Submitted to: Journal of Biological Chemistry
Publication Type: Peer Reviewed Journal
Publication Acceptance Date: 1/31/2014
Publication Date: 3/15/2014
Citation: Chaudet, M.M., Naumann, T.A., Price, N.P., Rose, D. 2014. Crystallographic structure of ChitA, a glycoside hydrolase family 19, plant class IV chitinase from Zea mays. Protein Science. 23(5):586-593. Interpretive Summary: Plant chitinases are proteins involved in defense against fungal pathogens. Previously, we identified ChitA chitinase as a protein that reduces ear rot and fungal toxin contamination of corn.
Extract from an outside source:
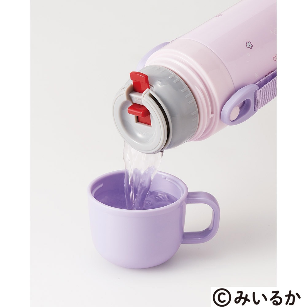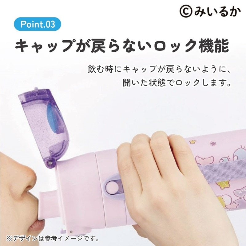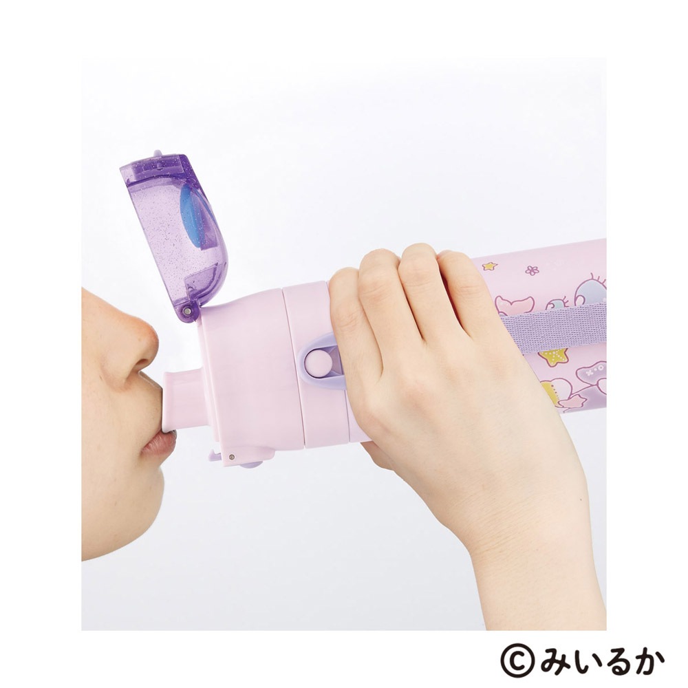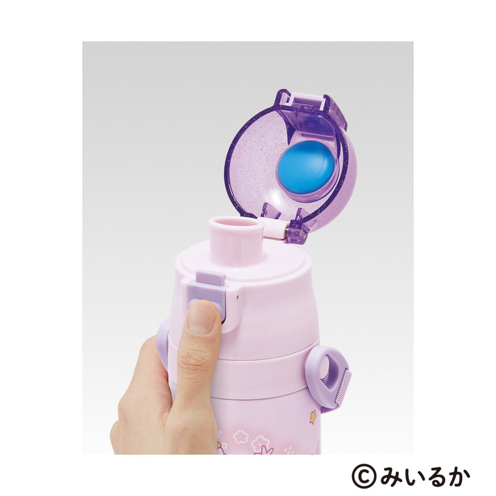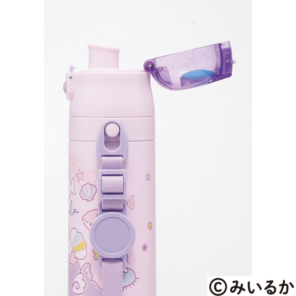ステンレス 水筒 真空二層構造 保冷専用 直飲み ダイレクト コップ ショルダーベルト 肩紐付き ワンプッシュオープン 子供用 キッズ みいるか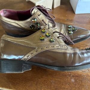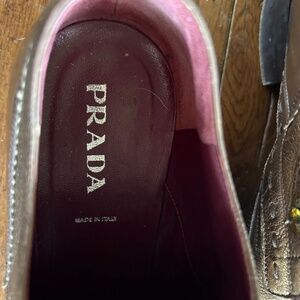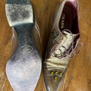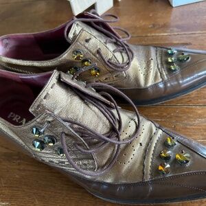 Cool Prada loafers with brown patent leather and bronze inset with punch detail. Adorned with crystals !! Worn twice … have a foot injury which prevents me from fitting in them now .. 😢

In this research we utilized a technique called X-ray crystallography to determine the structure of ChitA. With the aid of a computer the structure can be visualized as a 3-dimensional model. This detailed model reveals the individual amino acids (the building blocks of proteins) in ChitA that directly interact with its substrate. This creates a direct link between the DNA sequence of corn and a chemical reaction involved in plant defense. This information is important because it will enable future studies of ChitA aimed at further understanding its biological role and how its activity can be manipulated in plants to reduce corn ear rot and mycotoxin contamination. The structure, moreover, will be publicly available to aid other scientists who study similar proteins.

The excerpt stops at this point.